The steps of a method or algorithm described in connection with the embodiments disclosed herein may be embodied in hardware, a software module executed by a processor, or a combination of the two. A software module may reside in Random Access Memory (RAM), memory, Read Only Memory (ROM), electrically programmable ROM, electrically erasable programmable ROM, registers, hard disk, a removable disk, a CD-ROM, or any other form of storage medium known in the art.

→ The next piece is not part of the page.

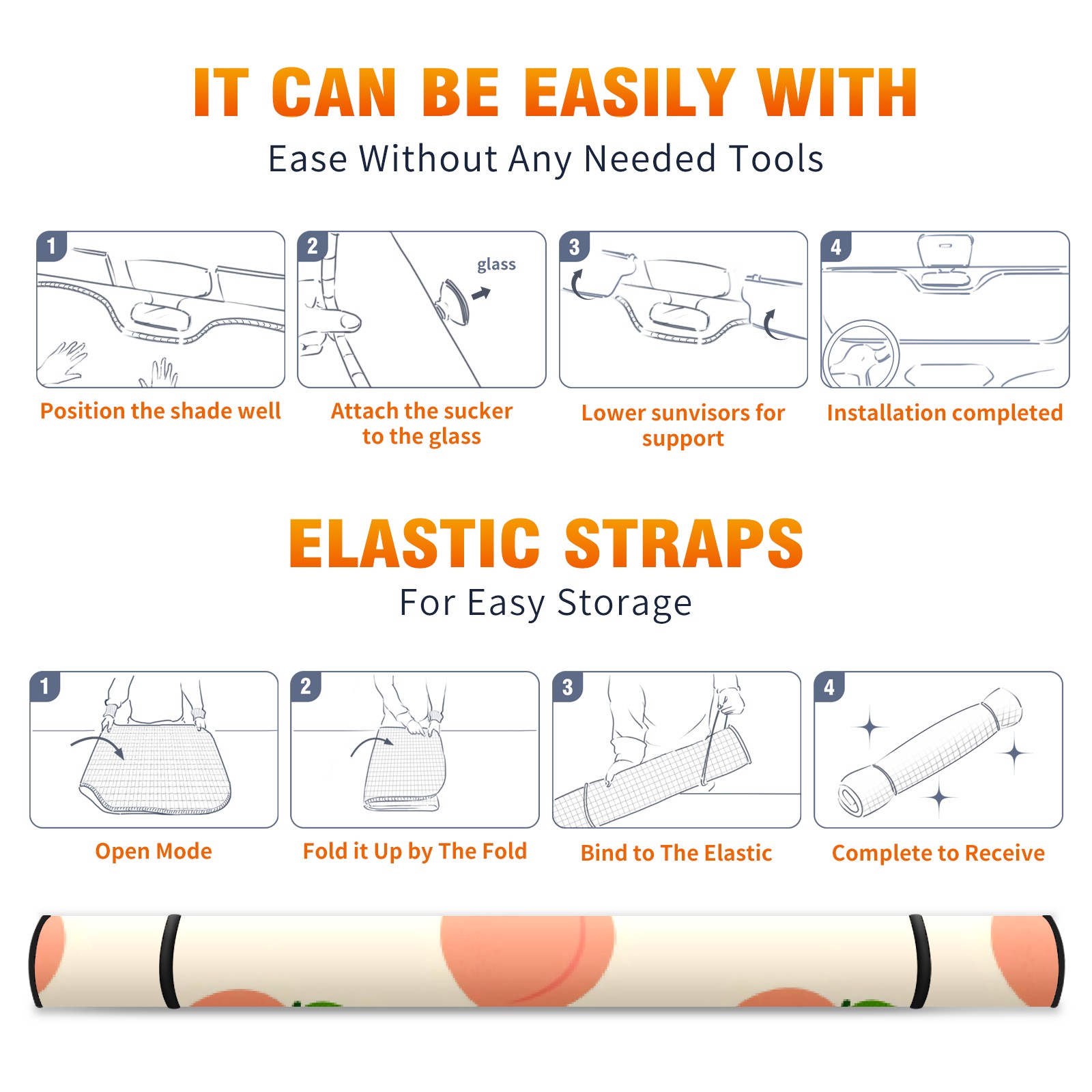 Car Windshield Sun Shade For Front Window Pink Peach Foldable Vehicle Windshield Car Sun Visor Covers Automotive Window Protector Car Camping Privacy Sun Blocker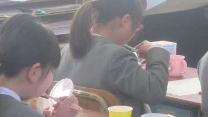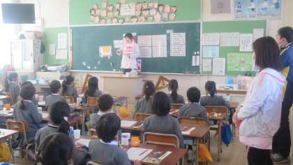 歯科衛生士さんに来ていただいて、2年生の子どもたちに「歯みがき指導」をしていただきました。毎日しっかりとみがけているかチェックします。ピンク色の歯垢チェッカーを歯にぬります。うがいをしてから「うわぁ、めっちゃピンク色や」「どうしよー」「よかった、あまりついていない」…、感想はいろいろです。このあとしっかりと歯科衛生士さんに歯のみがき方を教わって、ていねいにみがく練習をしました。

The above-mentioned embodiments are intended to illustrate the objects, technical solutions and advantages of the present invention in further detail, and it should be understood that the above-mentioned embodiments are merely exemplary embodiments of the present invention, and are not intended to limit the scope of the present invention, and any modifications, equivalent substitutions, improvements and the like made within the spirit and principle of the present invention should be included in the scope of the present invention.
Claims (22)
1. A method for protecting privacy information of a sample set of images, comprising:
determining an image sample to be protected in an image sample set to be protected as a target sample, wherein the target sample comprises a target image and a target label;
determining an image with a label different from the target label as a selected image;
adjusting the pixel value of the selected image by taking the processing result of the pre-trained image recognition model for the selected image approaching to the processing result for the target image as a target to obtain an adjusted image, wherein the image recognition model is obtained by training the to-be-protected image sample set;
and setting the target label as the label of the adjustment image to obtain a protected image sample comprising the adjustment image and the target label, and using the protected image sample to form a protected image sample set.
2. The method of claim 1, wherein the determining an image with a label different from the target label as the selected image comprises:
and selecting an image with a label different from the target label from the image sample set to be protected as a selected image.

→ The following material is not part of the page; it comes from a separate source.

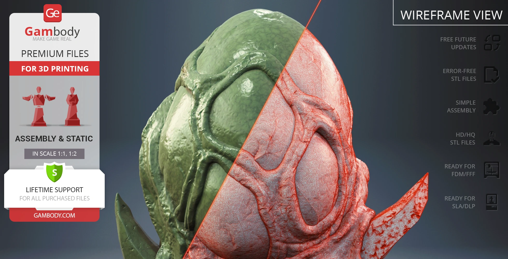 The cutting of the 3D printing design was chosen by our team to minimise the amount of generated support and some of the parts were hollowed out for you to save resin in the Eco version. In order to conceal the places where the assembly parts of the 3D printable model are connected, it was divided into convenient assembly parts.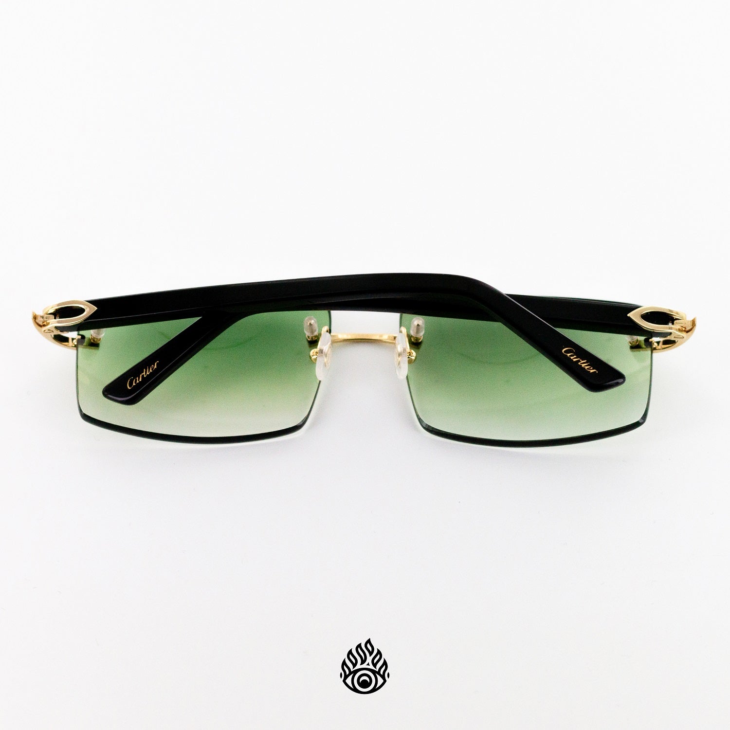 Cartier Black Acetate Glasses with Gold C Decor & Green Lens

3. The method of claim 1, wherein prior to adjusting pixel values of the selected image, the method further comprises:
and in response to determining that the model structure used by the target user corresponding to the protected image sample set is known, performing model training based on the model structure by using the to-be-protected image sample set to obtain the image recognition model.

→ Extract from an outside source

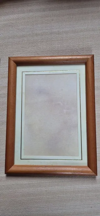 Conjunto de siete marcos de fotos de diferentes estilos y tamaños. 5 euros si los compras por separado, 32 si los compras todos. - Marco de madera con borde festoneado. - Marco de madera con acabado liso. - Marco de madera con borde dorado. - Marco negro para fotografía. - Marco de diploma con borde azul. - Marco blanco con diseño floral. - Marco azul con figuras de animales.

4. The method of claim 3, wherein the processing results in an output vector of an intermediate layer of the image recognition model; the adjusting the pixel value of the selected image to obtain an adjusted image includes:
determining a distance between a first output vector for the selected image and a second output vector for the target image;
adjusting pixel values of the selected image with a goal of minimizing the distance.
5. The method of claim 4, wherein the distance comprises one of: euclidean distance, manhattan distance, infinite norm of the difference vector.
6. The method of claim 4, wherein said adjusting pixel values of said selected image to minimize said distance comprises:
determining a gradient of the distance relative to the pixel value;
the pixel value adjustment is performed in a predetermined step size in the direction in which the gradient decreases by a predetermined number of steps.
7. The method of claim 1, wherein prior to adjusting pixel values of the selected image, the method further comprises:
and in response to the fact that the model structure used by the target user corresponding to the protected image sample set is unknown, using the to-be-protected image sample set to respectively perform model training based on a plurality of preset model structures to obtain a plurality of image recognition models.
8. The method of claim 7, wherein the processing results in output vectors of intermediate layers of the plurality of image recognition models; the adjusting the pixel value of the selected image to obtain an adjusted image includes:
determining a weighted result of distances between output vectors of the plurality of image recognition models respectively for the selected image and the target image;
adjusting pixel values of the selected image with a goal of minimizing the weighting result.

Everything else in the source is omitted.